Sage-Bionetworks / metanetwork

metanetwork
http://sage-bionetworks.github.io/metanetwork/
MIT License
9 stars 7 forks source link

README

R package to build many different statistical networks on high dimensional multivariate data and run diagnostic statistics

What is this repository for?

How do I get set up?

Pull the metanetworks package repo with the dockerfile and sample configuration files

cd <Project Working Directory>
git clone https://github.com/Sage-Bionetworks/metanetwork.git

# create support directories 
mkdir temp
mkdir out
mkdir error

The dockerfile to setup the proper run environment and install the metanetwork package is located within the pacakge in metanetwork/inst/Docker/. To build the docker image with the proper environment run the following command from the directory you cloned the pacakge contents into.

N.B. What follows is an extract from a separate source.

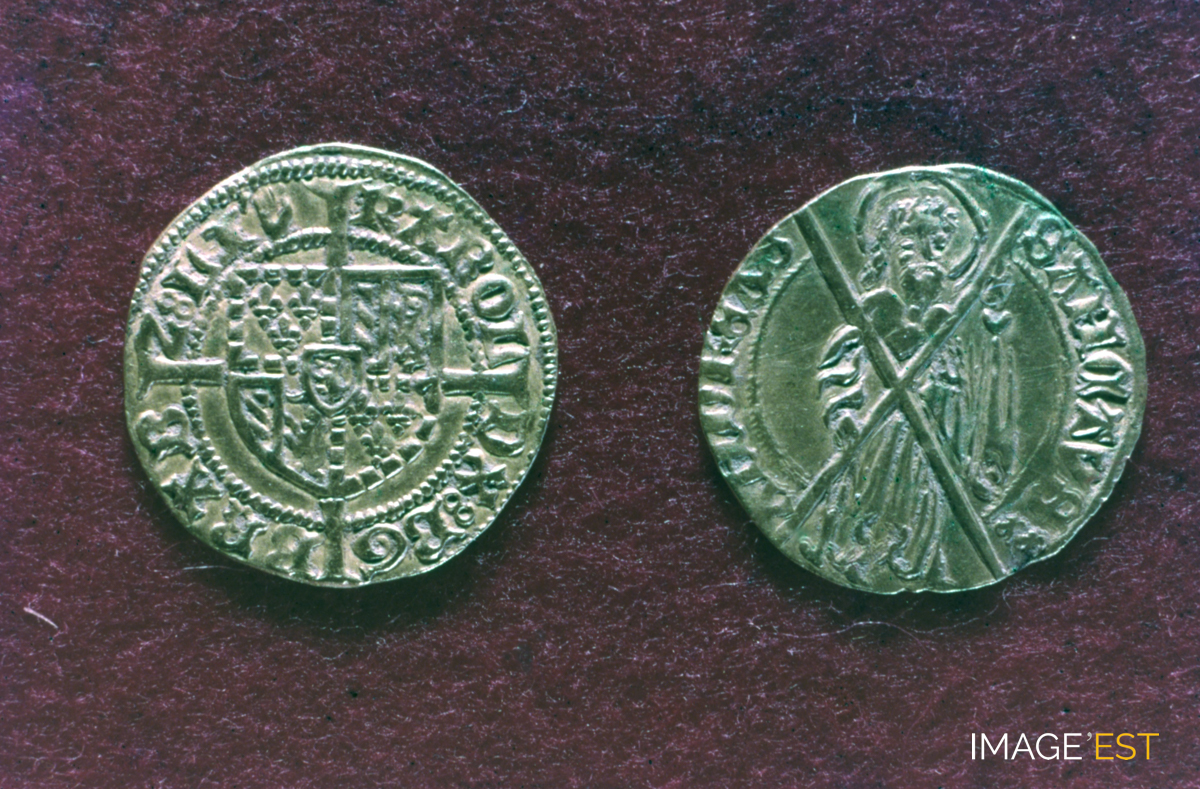 La bataille de Nancy (1477). Florins du duché de Bourgogne retrouvés en 1864 lors de l'asséchement de l'étang Saint-Jean. En marge de la diapositive figure la mention : " 6. Florin d'or bourguignon. Dernier tiers du XVe siècle. Étang St Jean de Nancy ". Séries de diapositives sélectionnées et commentées par Jean Hurstel, directeur du Service éducatif des Musées de l'Académie de Nancy-Metz.

docker build -t metanets metanetwork/inst/Docker/

Start a container in detached continual run mode to pass build comands into. Use the -v command to pass your current working directory into the current into the container. Any file or folder within <Project Working Directory> will be available within the container under /root/. Conversly any file written under /root/ inside the container will be written to <Project Working Directory> outside the container. This makes checking log files and diagnosising any potential issues much easier. The container name will be metanets as specified by --name.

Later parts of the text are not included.